A l'épreuve de la faim n'est pas un roman comme dirait l'ami stricto sensu. Ce journal d'une île froide n'est pas plus un journal que Singer Island (Floride, EU) n'est polaire. Dans cette fausse autobiographie,
Frederick Exley est
Frederick Exley. L'élément permanent de cet ouvrage qui se cherche, dérive, chaloupe, se redresse. L'élément constant de ce bateau ivre, à la fois alcoolique, amoureux de littérature, écrivain désespéré, baiseur impénitent, lancé dans une entreprise folle d'autodestruction.
Après
le dernier stade de la soif,
Exley ne fut pas auréolé de gloire, ne croula pas sous les dollars ni l'admiration de quelque grand écrivain, lui qui admirait avec coeur et sans mesure. Insatisfait des retombées de son premier roman pourtant digne d'éloges (je l'ai lu, je l'ai plus qu'aimé) et, par ailleurs primé,
Exley voulait plus. Encore plus.
« - Votre véritable vie littéraire, lançai-je, commencera le jour où vous accepterez que l'exclusion, le chaos, la solitude, le travail, et le travail et le travail sont les conditions sine qua non de l'écriture ; » Ses étudiants sont parés. La voie de la dépression géniale leur est montrée.
Il concentre alors et fort logiquement son énergie à obtenir moins. Entre biture du matin et cuite du soir, il promène sa tristesse déchirante, son cynisme (forcé?), sa rébellion et sa grossièreté de la Floride en Iowa où il anime un atelier d'écriture.

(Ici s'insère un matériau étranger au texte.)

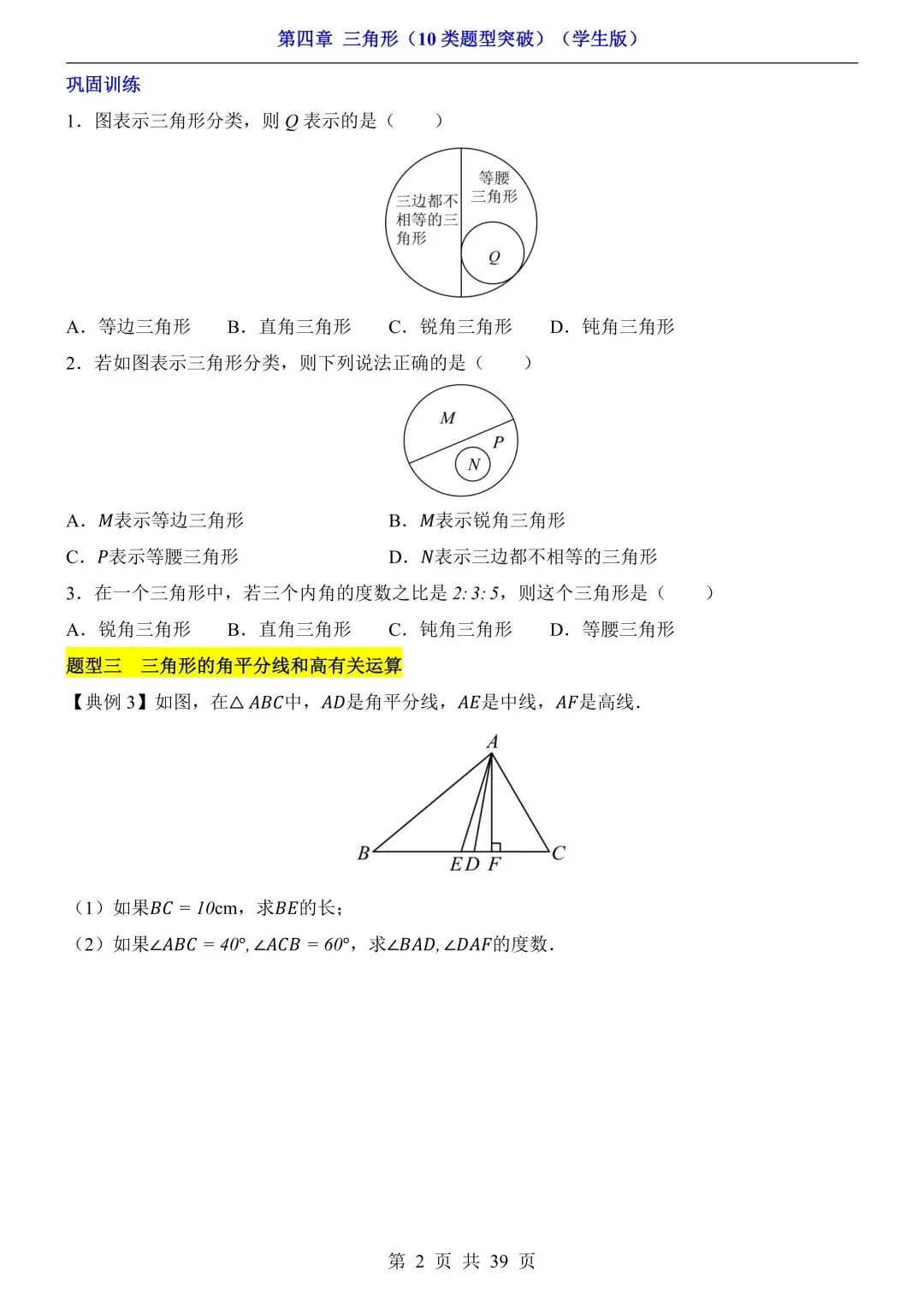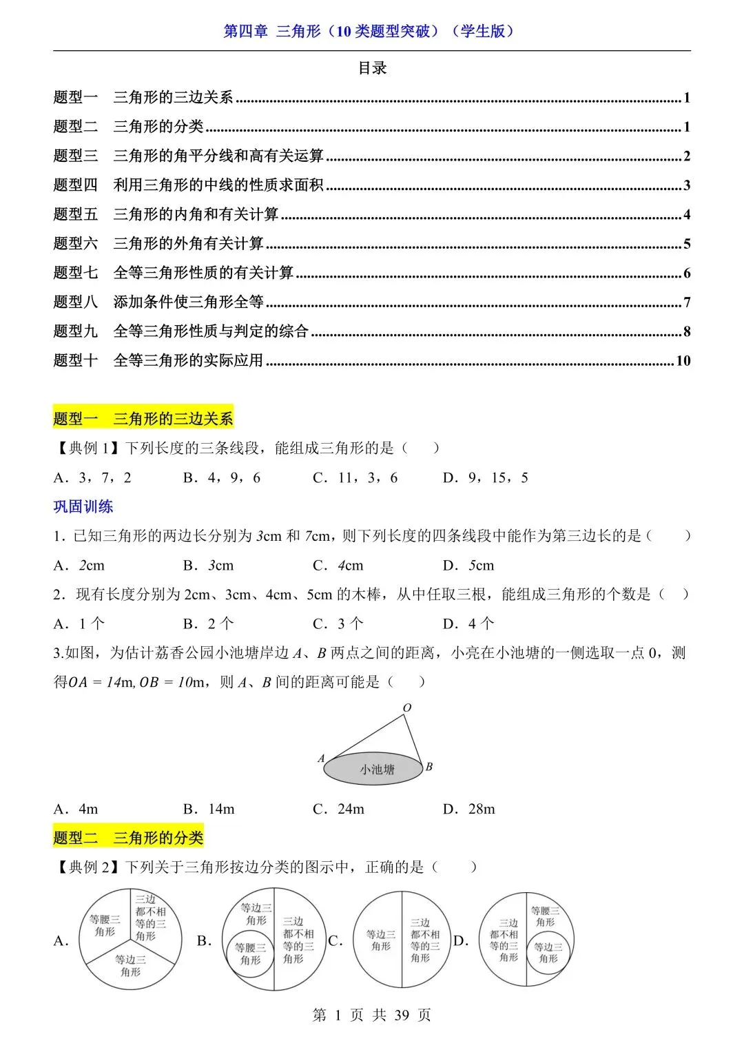 26年春新七年级下册北师大版数学第4章三角形10类题型突破专项练习【附答案解析】丨完整高清可打印(212)

Entre whisky au litre, vodka à l'hectolitre, à la fois proche et lointain d'un
Bukowski moins loser,
Exley s'offre une obsession littéraire à la mort d'
Edmund Wilson, critique littéraire majeur, écrivain moins majeur. Il convoite la canne du défunt, scrute les nécrologies puis délaisse l'idée fixe pour promener sa carcasse ailleurs, du côté du féminisme, de la télévision, de cette Amérique des années 70 dans laquelle Mailer pérore.
Exley abhorre, envie, aime et mouline les grandes figures de l'Amérique des années 70.
Exley, collé à un canapé de skaï luisant de sueur, transpirant l'alcool comme d'autres le Vittel, fait oeuvre protéiforme. Ce satané bouquin ne se laisse pas étiqueter. Rare, inclassable, plein de rien et de tout, mariant le cynisme et la soif d'absolu,
A l'épreuve de la faim débouche sur le vide vertigineux de l'existence. Où il ne reste qu'à boire.
Un daïquiri?
Oups! Avec tout ça, j'allais oublier de remercier Babelio et
Monsieur Toussaint Louverture pour ce fort joli cadeau issu de la dernière opération Masse Critique. Santé à vous!